/insights-results-aggregator-utils

Utilities for Insights Results Aggregator

Primary LanguagePythonApache License 2.0Apache-2.0

insights-results-aggregator-utils

Utilities for Insights Results Aggregator

GitHub Pages

Utilities for accessing REST API endpoints for selected services

These utilities are stored in api_access subdirectory.

aggregator/check_cluster_list_1.sh

Description

BASH script to retrieve results for multiple clusters (specified in URL) from the Insights Results Aggregator service.

Remark

It is needed to provide the correct value for variable ADDRESS that should points to running Insights Result Aggregator service instance.

aggregator/check_cluster_list_2.sh

Description

BASH script to retrieve results for multiple clusters (specified in request payload) from the Insights Results Aggregator service.

Remark

It is needed to provide the correct value for variable ADDRESS that should points to running Insights Result Aggregator service instance.

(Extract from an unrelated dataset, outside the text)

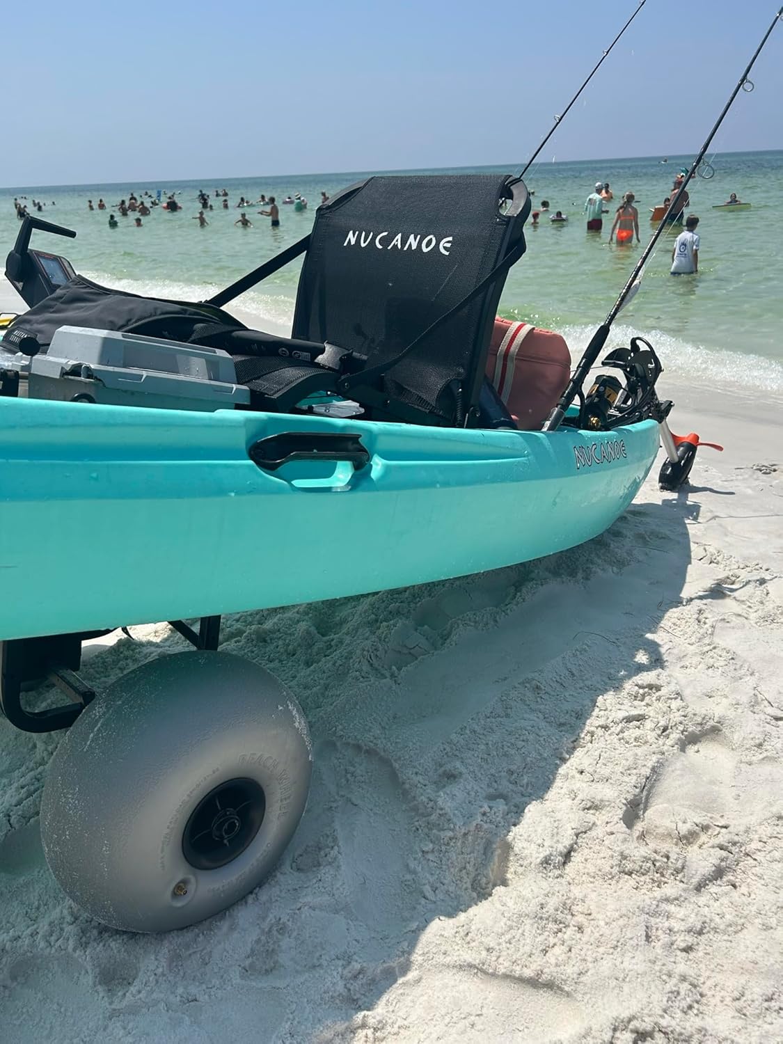 12” BEACH QUICK-RELEASE WHEELS | The Beach Wheels have a quick release feature providing an easy way to have your kayaks and SUPs float and roll effortlessly over a sandy beach, rocky gravel or grass and pavement too! (Optional 12″ Mag-Lite wheels)

smart_proxy/check_cluster_list_1.sh

Description

BASH script to retrieve results for multiple clusters (specified in URL) from the Smart Proxy service.

Remark

It is needed to provide the correct value for variable ADDRESS that should points to running Smart Proxy service instance.

smart_proxy/check_cluster_list_2.sh

Description

BASH script to retrieve results for multiple clusters (specified in request payload) from the Smart Proxy service.

Remark

It is needed to provide the correct value for variable ADDRESS that should points to running Smart Proxy service instance.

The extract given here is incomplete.